§ Task statement: Below are entries; repeat exactly, and nothing else, the lines from the one holding "とある平日の18時頃に入店。" through the one holding "MATLAB Data Types - Tpoint Tech", inclusive. Leave the pictures out.

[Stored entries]
☆ ☆ ☆ ☆

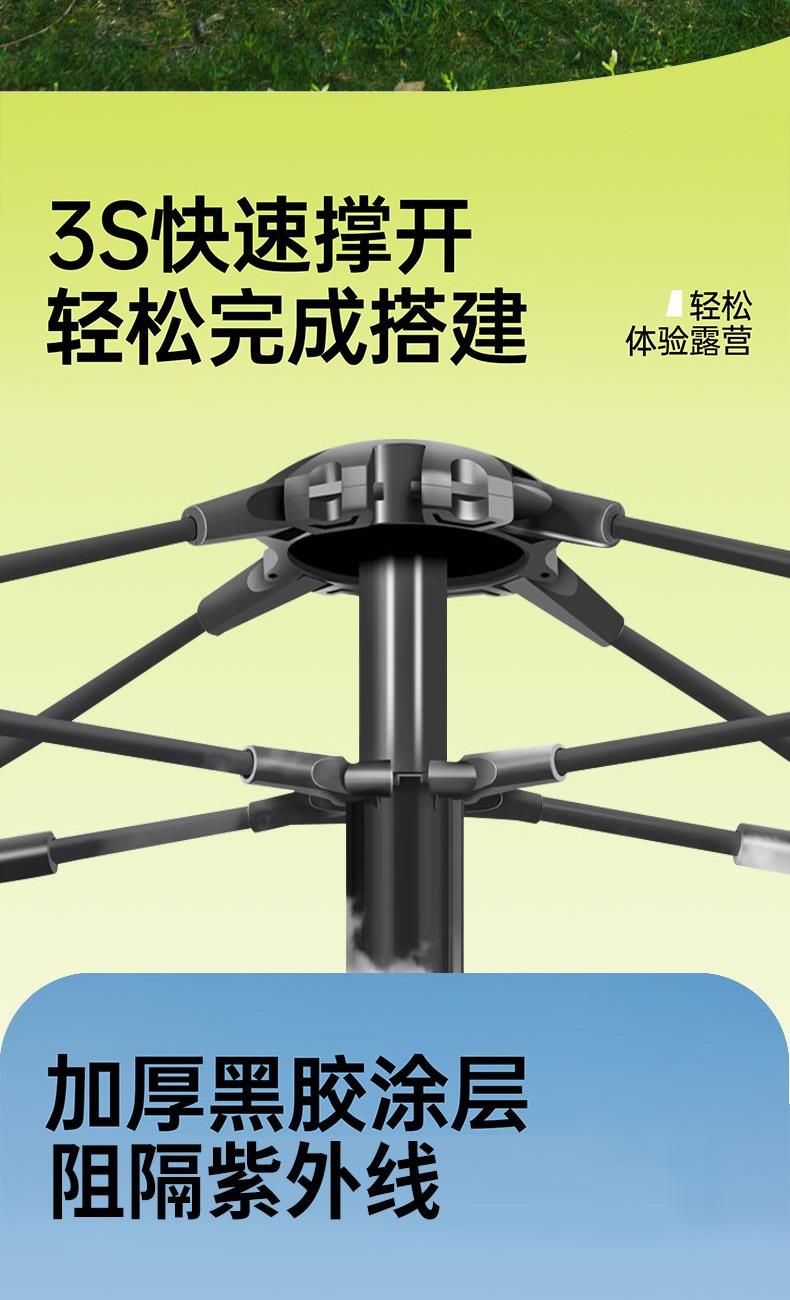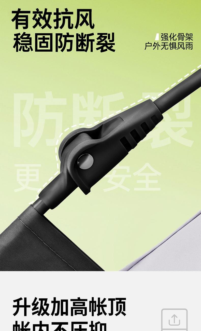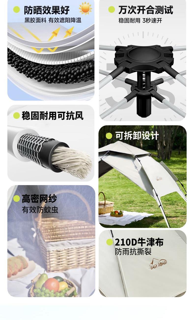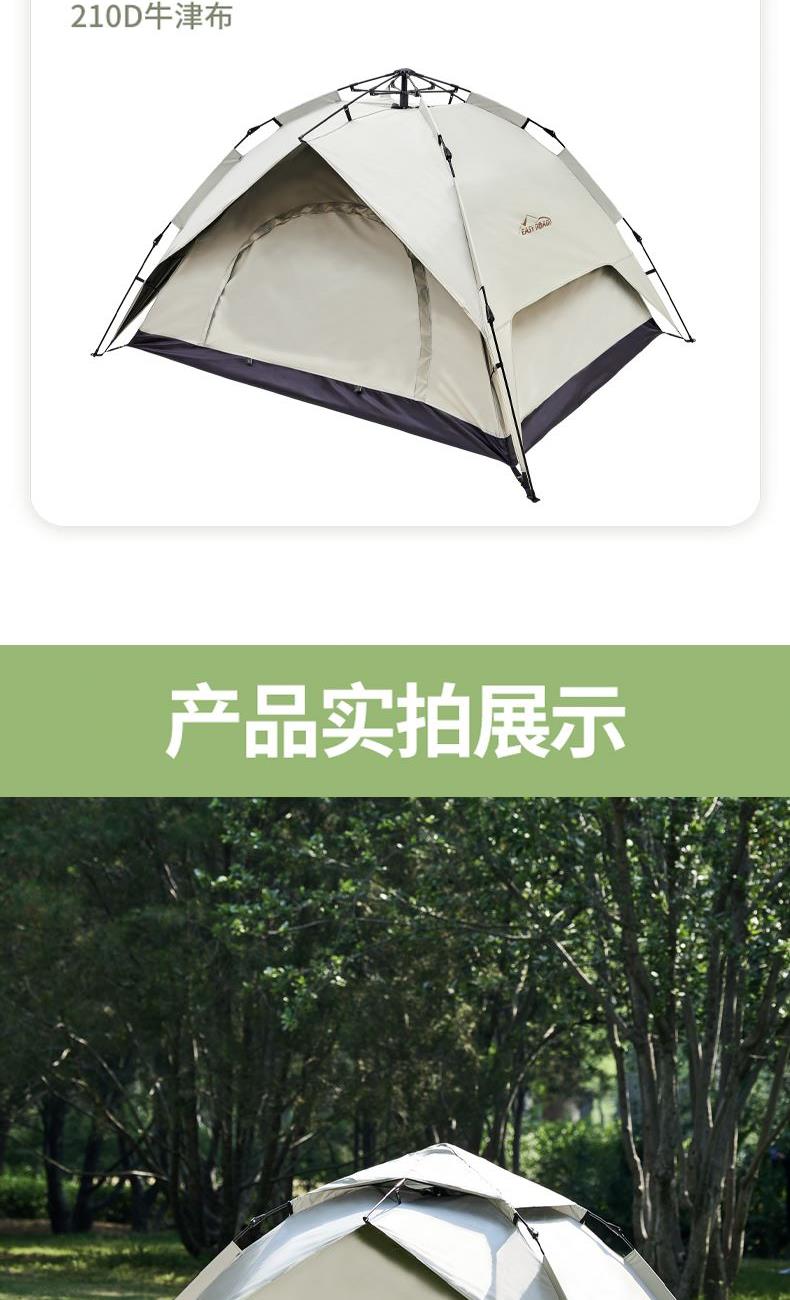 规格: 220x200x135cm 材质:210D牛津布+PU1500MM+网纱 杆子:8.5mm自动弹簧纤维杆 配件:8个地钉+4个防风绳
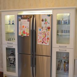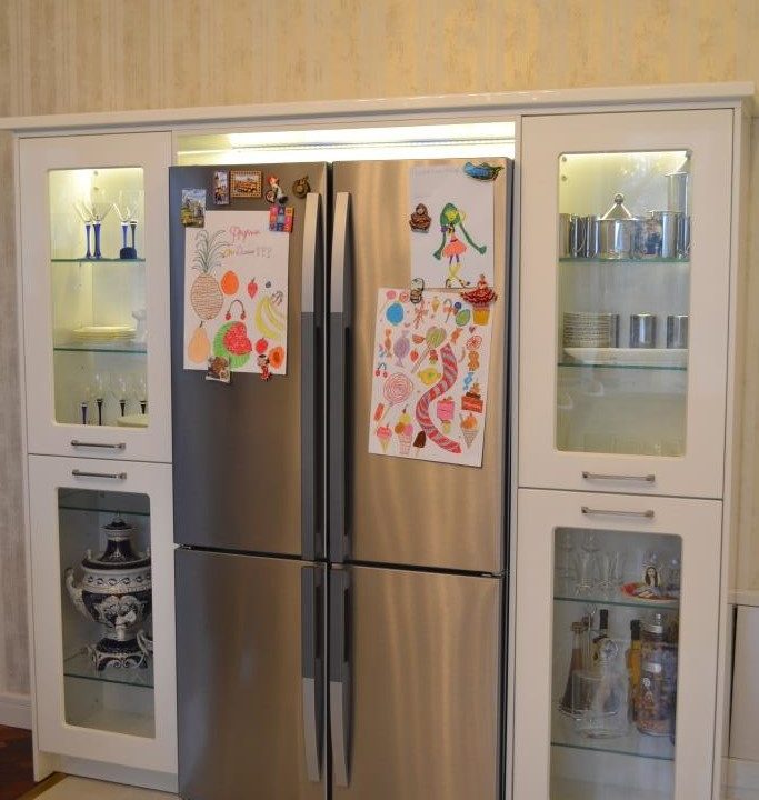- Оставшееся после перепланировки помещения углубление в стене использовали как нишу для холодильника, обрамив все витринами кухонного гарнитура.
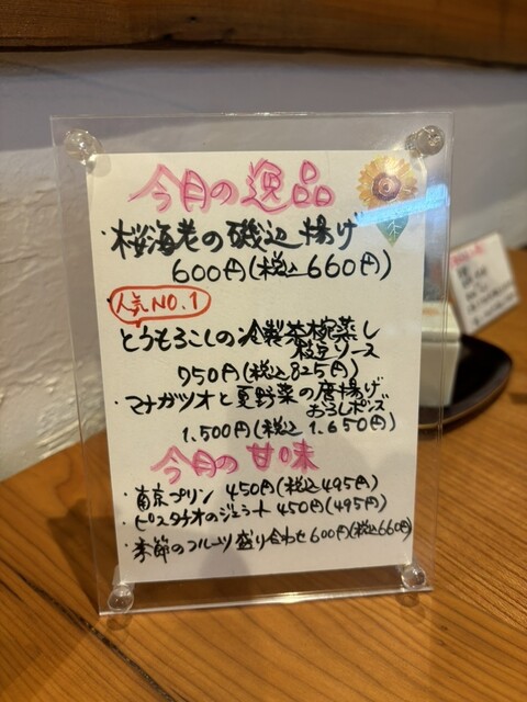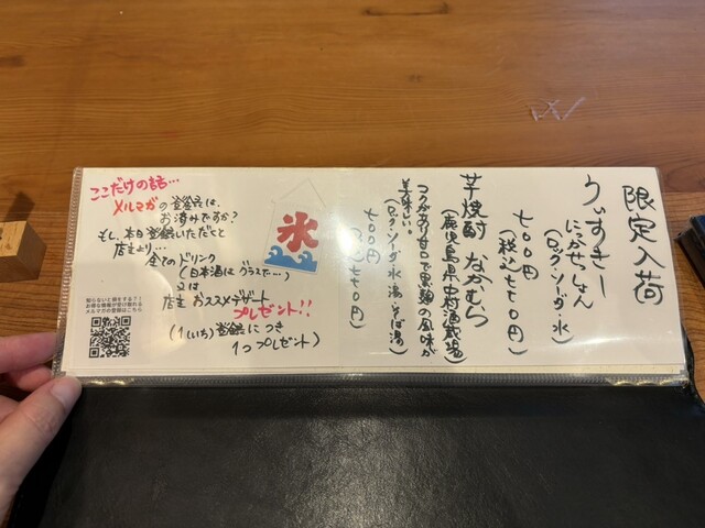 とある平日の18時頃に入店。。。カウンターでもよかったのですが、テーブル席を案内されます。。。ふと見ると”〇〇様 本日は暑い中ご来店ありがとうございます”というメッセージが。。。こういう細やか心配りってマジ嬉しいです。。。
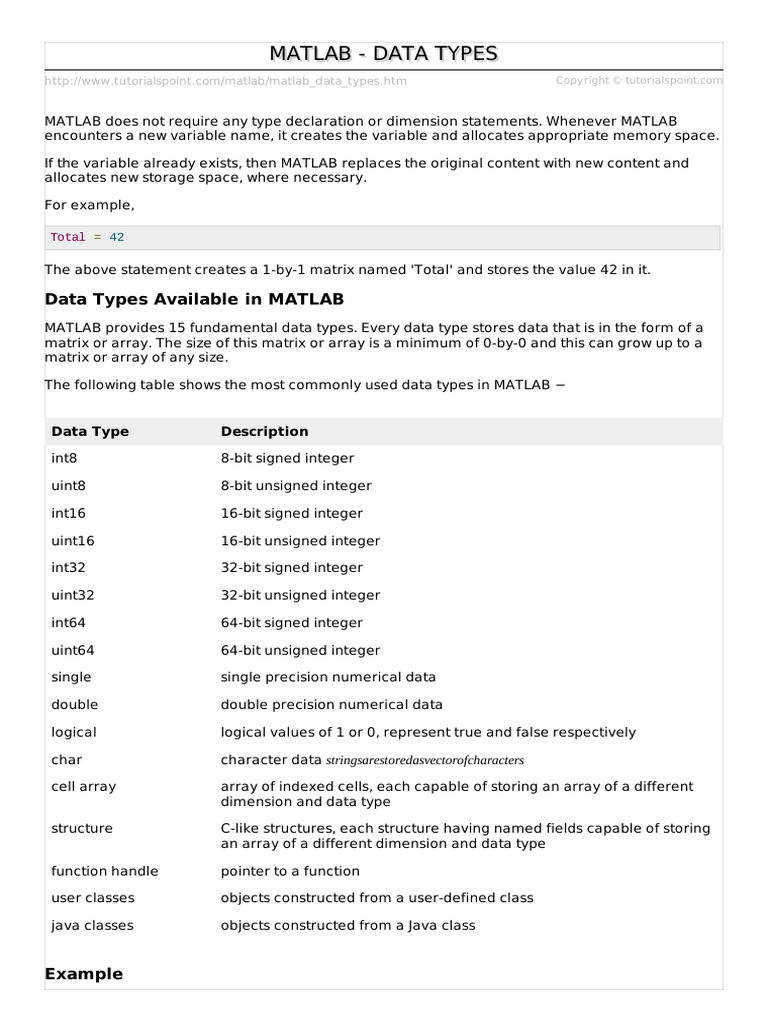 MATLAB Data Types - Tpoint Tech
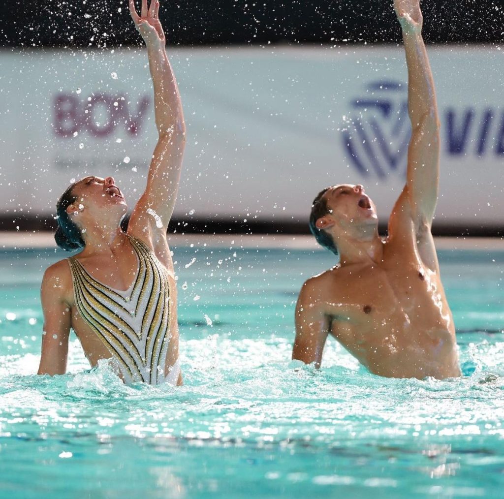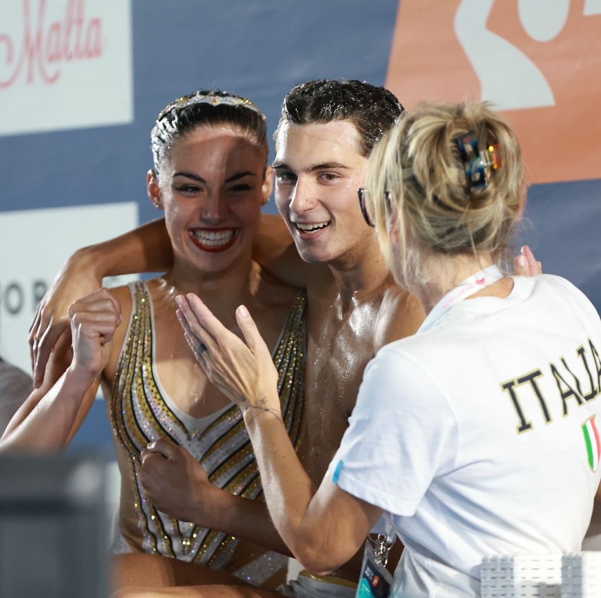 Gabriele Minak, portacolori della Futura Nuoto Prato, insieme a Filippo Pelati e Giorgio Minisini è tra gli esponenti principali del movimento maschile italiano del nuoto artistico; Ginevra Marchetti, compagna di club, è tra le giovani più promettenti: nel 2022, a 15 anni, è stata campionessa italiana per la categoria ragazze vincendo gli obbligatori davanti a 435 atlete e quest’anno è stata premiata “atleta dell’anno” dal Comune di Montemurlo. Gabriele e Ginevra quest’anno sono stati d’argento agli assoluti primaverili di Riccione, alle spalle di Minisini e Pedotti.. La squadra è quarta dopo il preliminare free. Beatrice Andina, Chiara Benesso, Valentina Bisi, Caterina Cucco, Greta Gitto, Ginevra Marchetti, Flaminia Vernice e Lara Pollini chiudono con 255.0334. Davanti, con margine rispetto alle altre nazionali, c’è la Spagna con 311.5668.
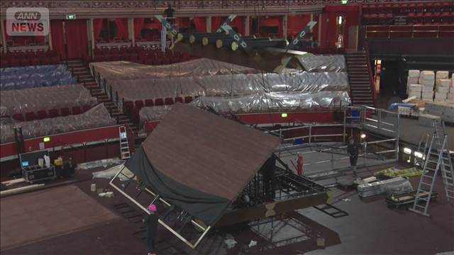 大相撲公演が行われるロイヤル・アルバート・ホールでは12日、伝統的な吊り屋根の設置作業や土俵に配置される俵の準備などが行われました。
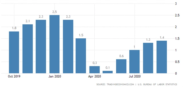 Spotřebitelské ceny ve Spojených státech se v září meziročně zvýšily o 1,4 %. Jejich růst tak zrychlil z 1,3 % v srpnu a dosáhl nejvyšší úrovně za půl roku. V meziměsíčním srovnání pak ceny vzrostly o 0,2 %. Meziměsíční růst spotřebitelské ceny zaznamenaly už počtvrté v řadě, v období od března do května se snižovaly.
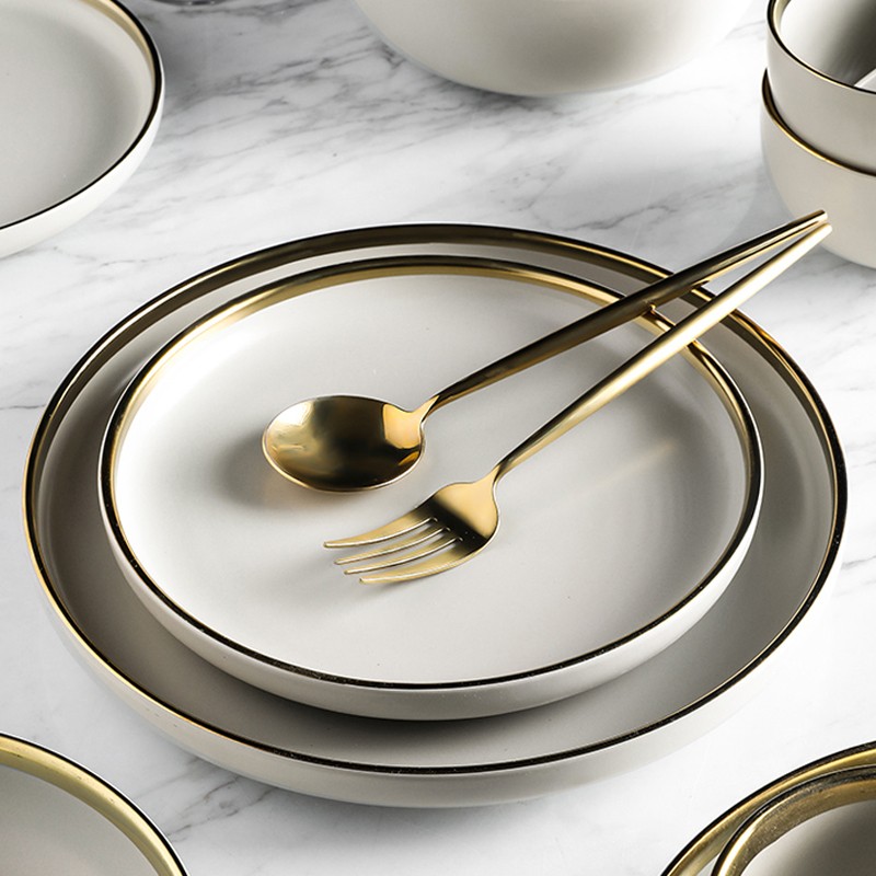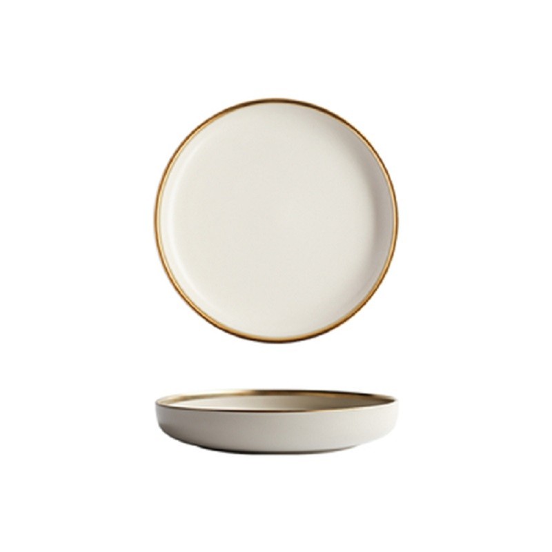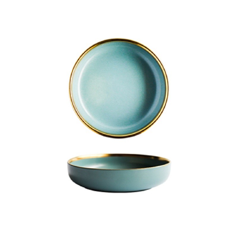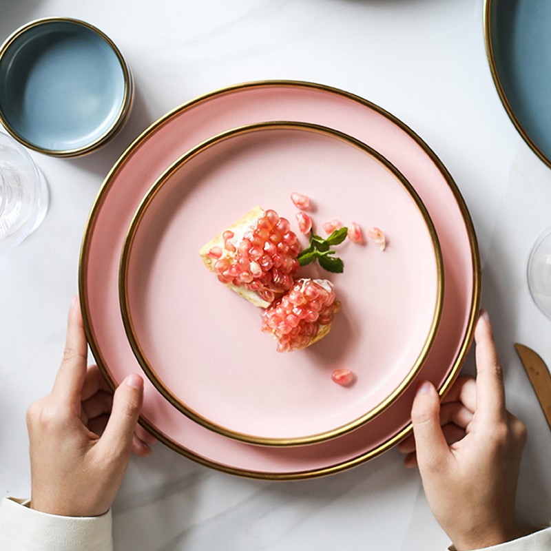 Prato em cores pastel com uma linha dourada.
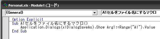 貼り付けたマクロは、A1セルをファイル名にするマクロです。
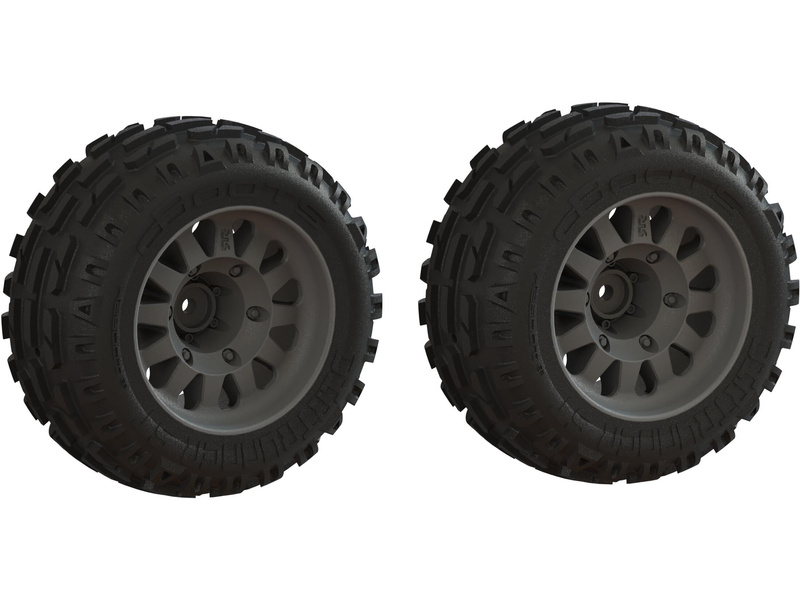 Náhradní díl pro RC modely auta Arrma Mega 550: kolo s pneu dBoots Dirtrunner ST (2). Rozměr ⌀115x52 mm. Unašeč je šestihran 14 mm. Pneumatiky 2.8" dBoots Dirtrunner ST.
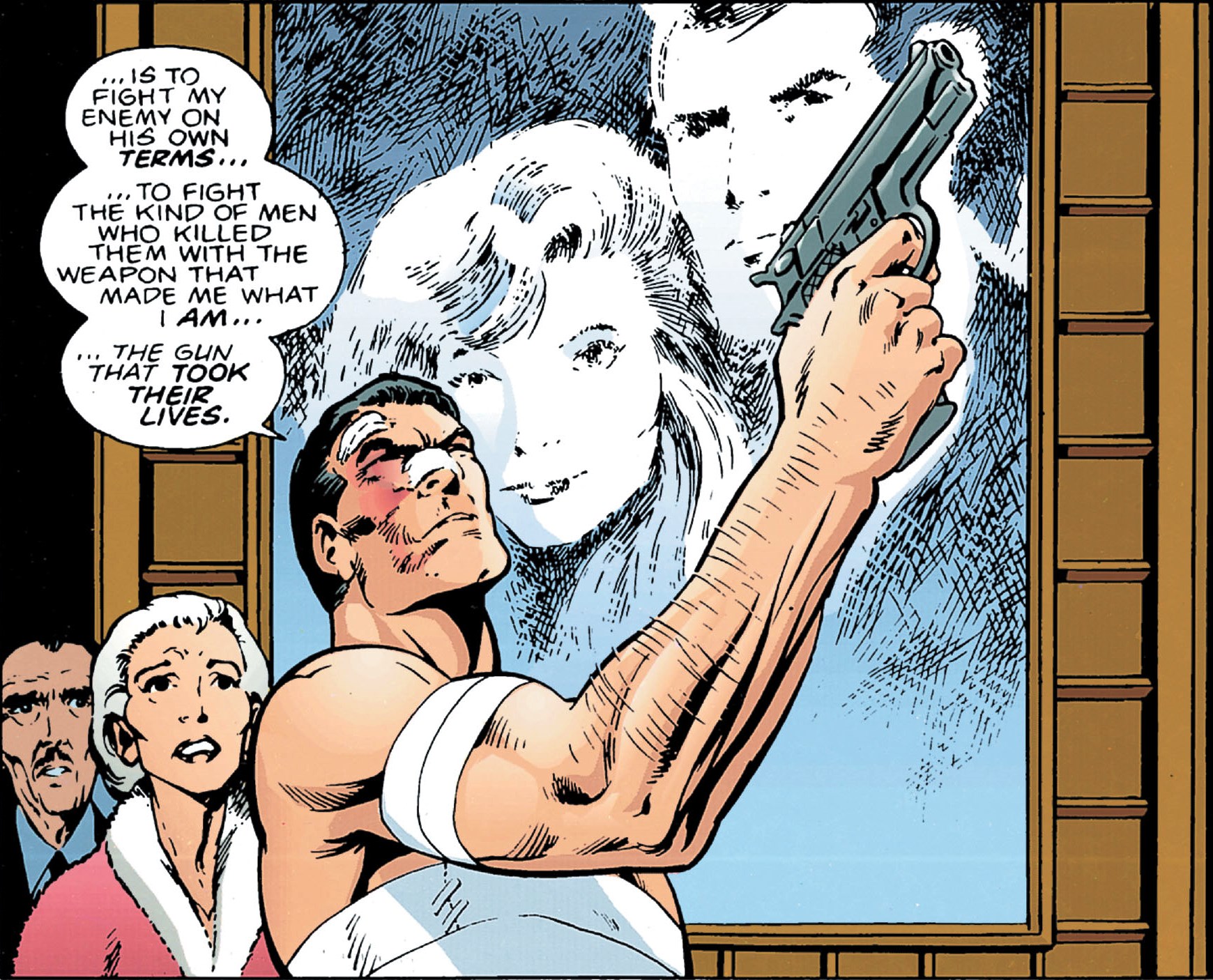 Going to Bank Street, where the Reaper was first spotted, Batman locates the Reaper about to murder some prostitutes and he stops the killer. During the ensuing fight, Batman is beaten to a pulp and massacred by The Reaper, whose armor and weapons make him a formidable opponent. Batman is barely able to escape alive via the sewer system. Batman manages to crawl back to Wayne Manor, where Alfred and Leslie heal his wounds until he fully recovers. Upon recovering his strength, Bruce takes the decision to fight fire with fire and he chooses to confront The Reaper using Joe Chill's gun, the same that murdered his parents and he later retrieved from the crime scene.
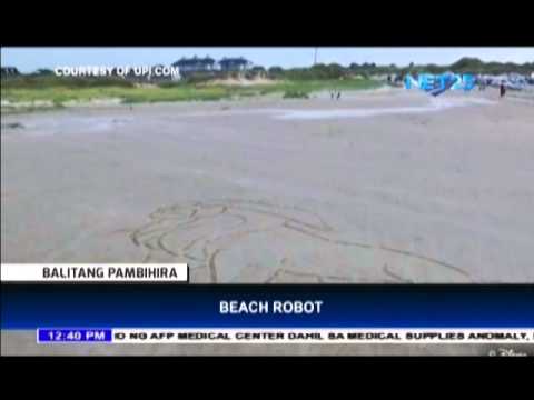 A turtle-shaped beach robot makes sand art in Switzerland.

☆ ☆ ☆ ☆

§ Answer area:
 とある平日の18時頃に入店。。。カウンターでもよかったのですが、テーブル席を案内されます。。。ふと見ると”〇〇様 本日は暑い中ご来店ありがとうございます”というメッセージが。。。こういう細やか心配りってマジ嬉しいです。。。
 MATLAB Data Types - Tpoint Tech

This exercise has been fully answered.